• **TRY IT**: Everything from the line containing "変更の場合は、変更した日時の" through the final line of the entries must be repeated exactly, and only that, without pictures.

• **EXERCISE DATA**:
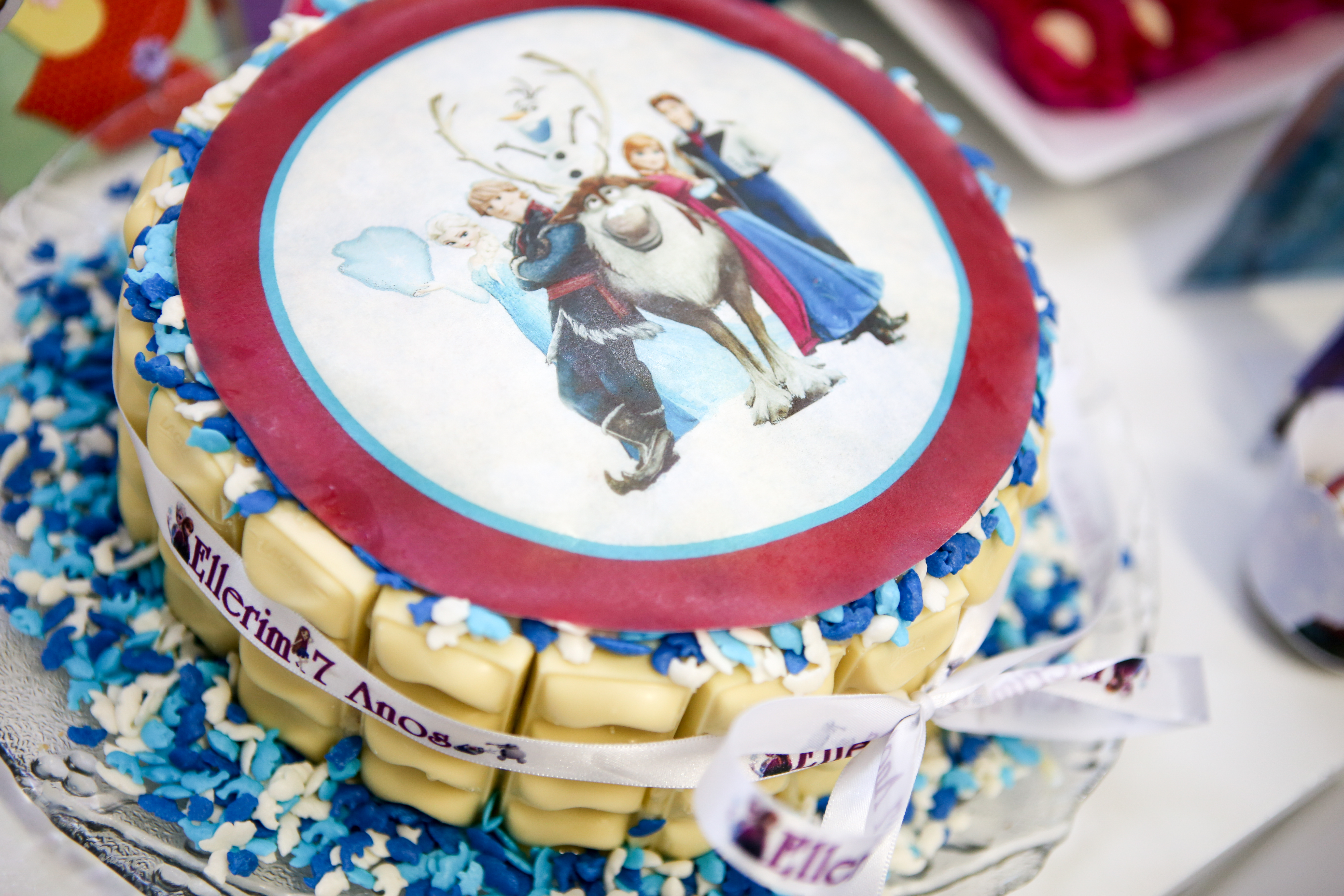 E você também pode fazer um bolo fino com bis, sai super em conta, e usar outros chocolates também, como este que fiz com Laka para o aniversário de 7 anos da Ellerim:
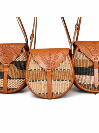 Showcase authentic African design with this handcrafted leather crossbody sling bag. Made from woven sisal and genuine leather, perfect for boutiques and gift stores. MOQ 10 pcs, worldwide delivery. Email info@africanscreative.com for custom orders
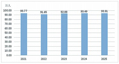 2021—2025年全省城镇新增就业人数
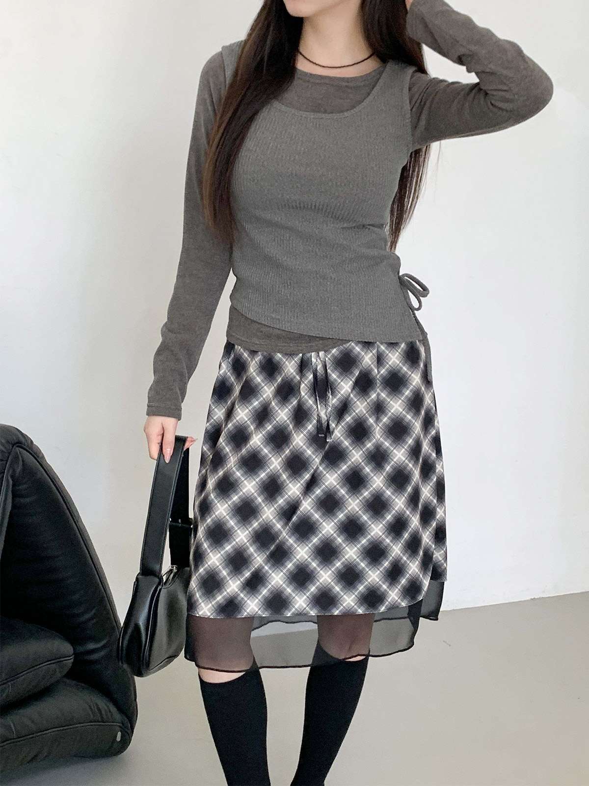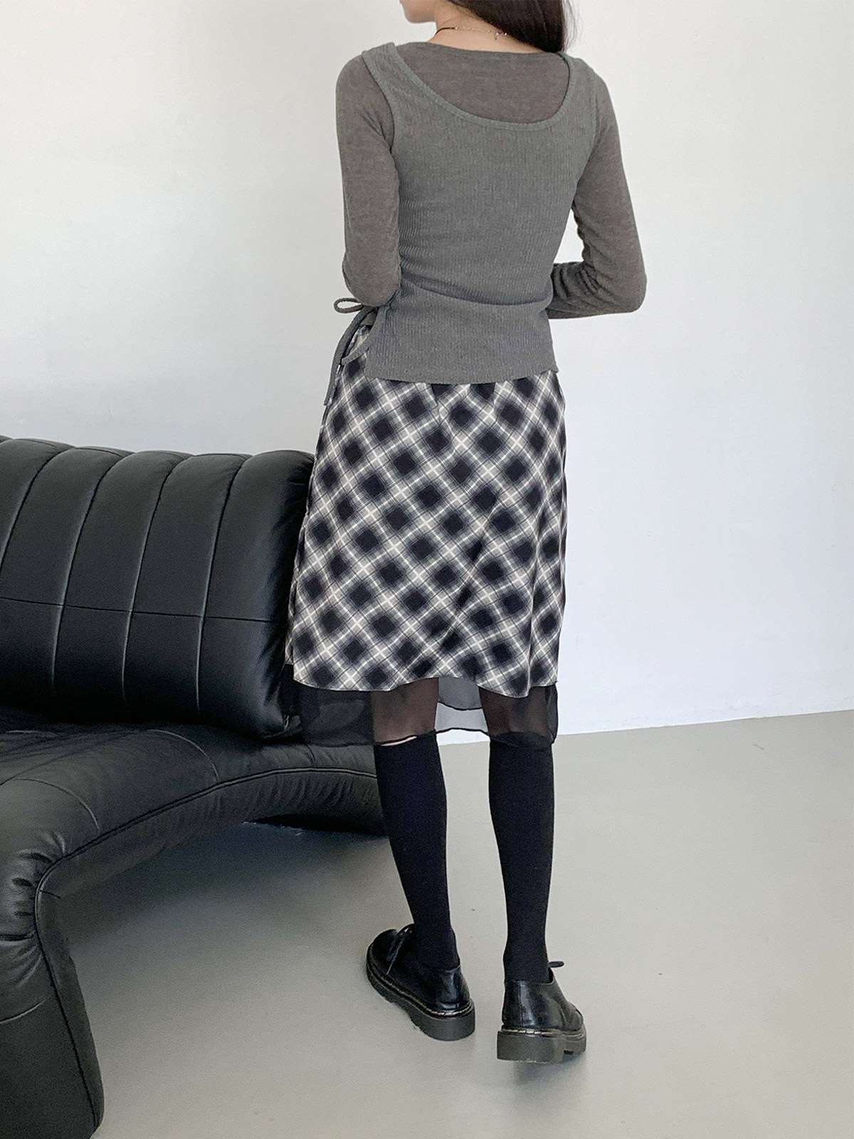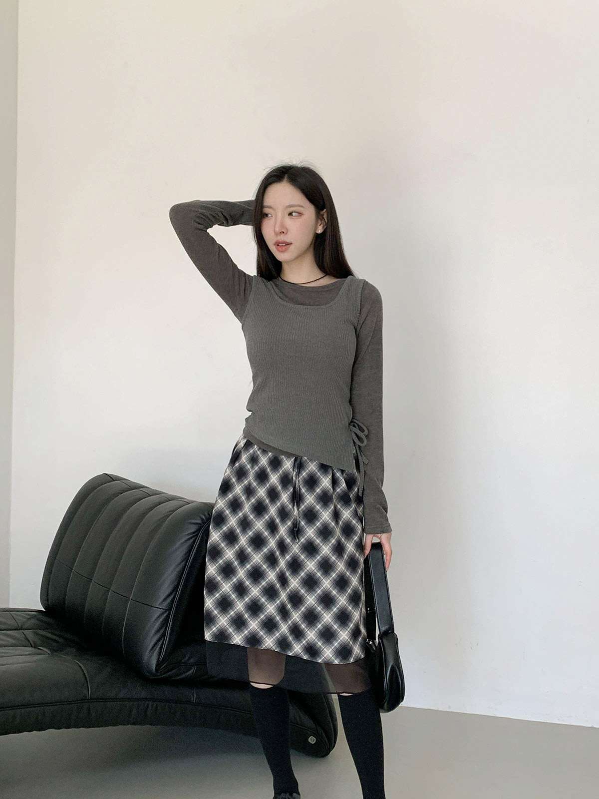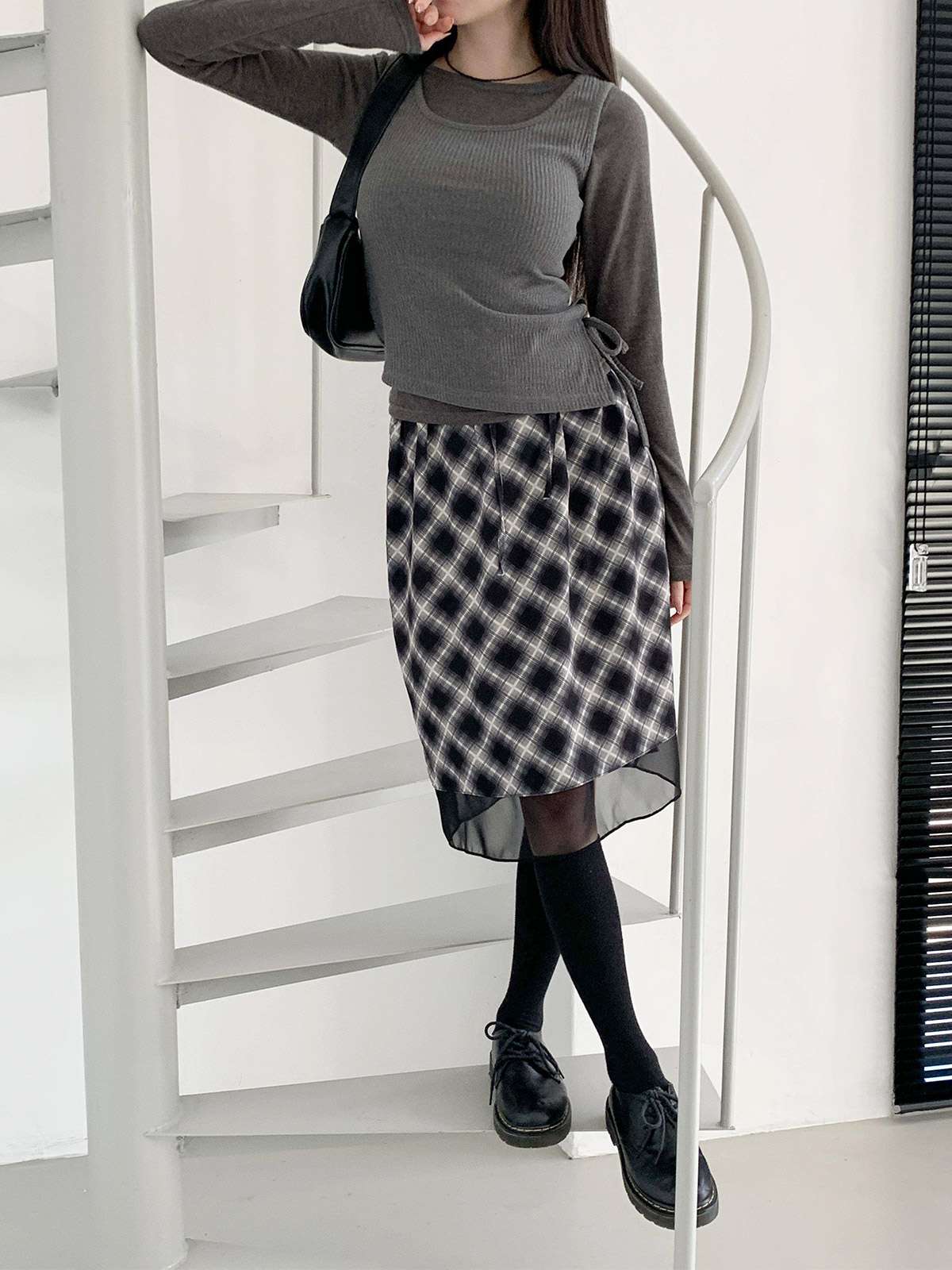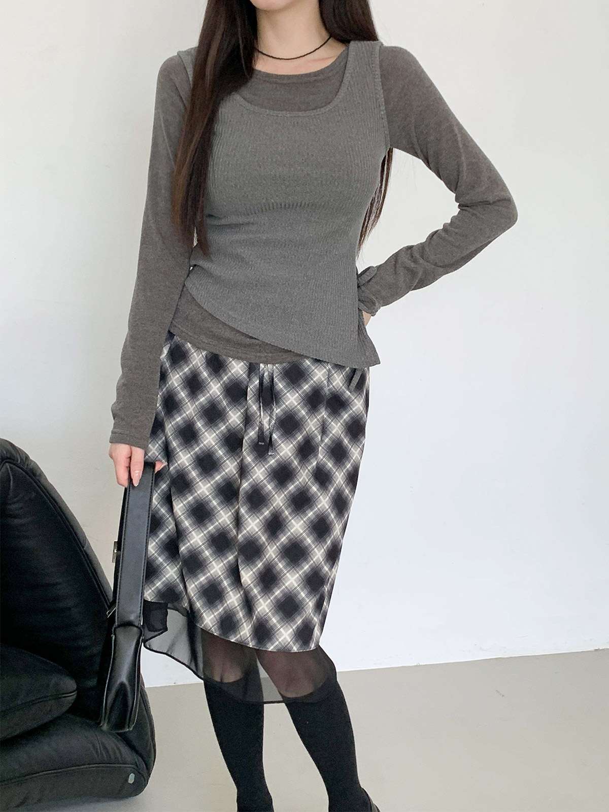 [ SET3836K59-그트인 언발 트임 나시 시스루 긴팔티 세트 ]
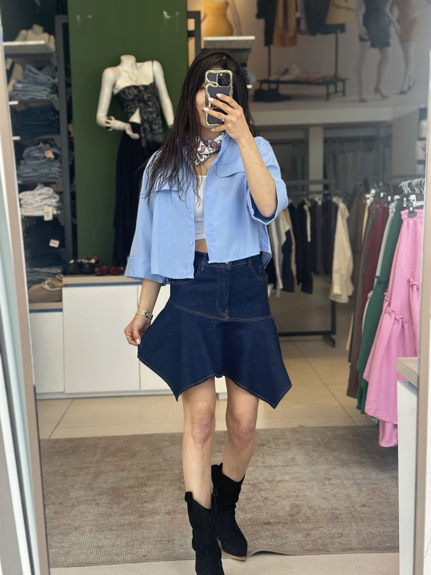 Bu asimetrik kesim kot etek, tarzınızı tamamlayacak şık ve modern bir parçadır. Yüksek kaliteli denim kumaştan üretilmiştir ve vücuda oturan kesimi sayesinde şıklığı ve rahatlığı bir arada sunar. Hem günlük kullanıma uygun, hem de özel davetlerde şıklığınızı tamamlayacak bir parçadır.
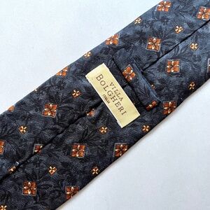 Villa Bolgheri Mens 100% Silk Tie Made in Italy Floral Geo Patterned Dark Navy
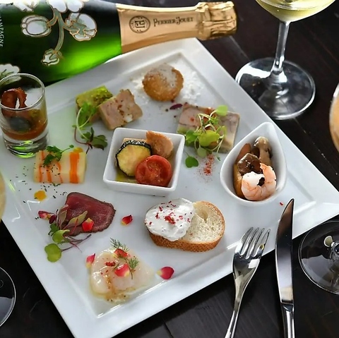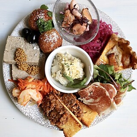 シェフ特製の自家製前菜の盛り合わせ。目にも彩り豊かな絶品オードブル。
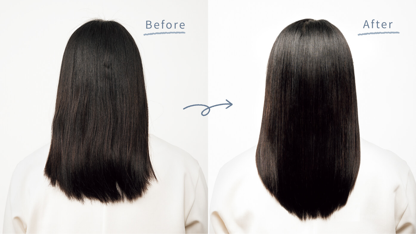 キューティクルを整えて髪の外側からツヤを与えるだけでなく、髪内部のダメージにまでアプローチ。外と内の両方から補修することで、まばゆいほどのツヤを引き出します。
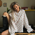 Start your day sweetly with the Strawberry Sunday Lounge Set, a breezy and playful co-ord that’s perfect for lazy mornings and cosy afternoons. Featuring an oversized button-up shirt and flowy high-waisted shorts, this set is sprinkled with charming strawberry prints for an irresistibly cute finish.
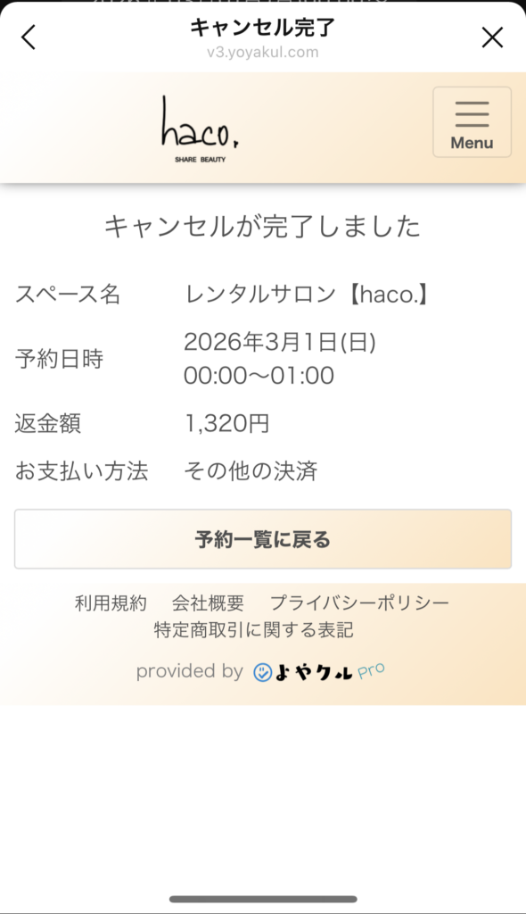 変更の場合は、変更した日時の案内などのメッセージが届きます。キャンセルした場合は、キャンセル完了のメッセージが届きます。
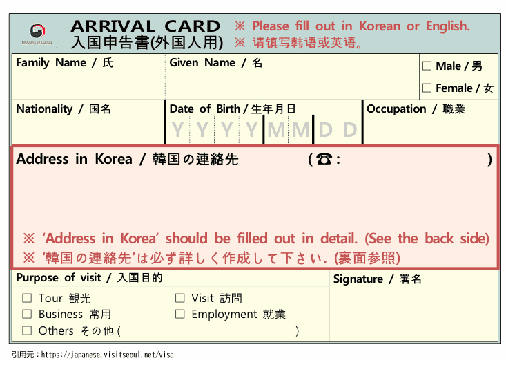 Arrival cardは機内で配布される紙での申告(英語で記入)のほかに、韓国到着3日前から行える電子入国申告(e-Arrival card)も実施されています。電子入国申告の詳細については、駐日大韓民国大使館のホームページをご確認ください。
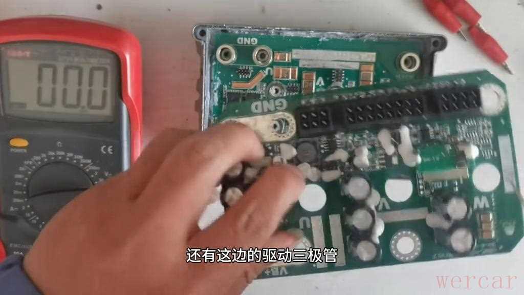 ·这是凌波的9号之上的控制器,经过排查,整个一项的功率管烧坏,包括背面的驱动芯片也烧坏,还有这边的驱动三极管。接下来就全部更换一下,再进行通电测试。

• **ANSWER BOX**:
 変更の場合は、変更した日時の案内などのメッセージが届きます。キャンセルした場合は、キャンセル完了のメッセージが届きます。
 Arrival cardは機内で配布される紙での申告(英語で記入)のほかに、韓国到着3日前から行える電子入国申告(e-Arrival card)も実施されています。電子入国申告の詳細については、駐日大韓民国大使館のホームページをご確認ください。
 ·这是凌波的9号之上的控制器,经过排查,整个一项的功率管烧坏,包括背面的驱动芯片也烧坏,还有这边的驱动三极管。接下来就全部更换一下,再进行通电测试。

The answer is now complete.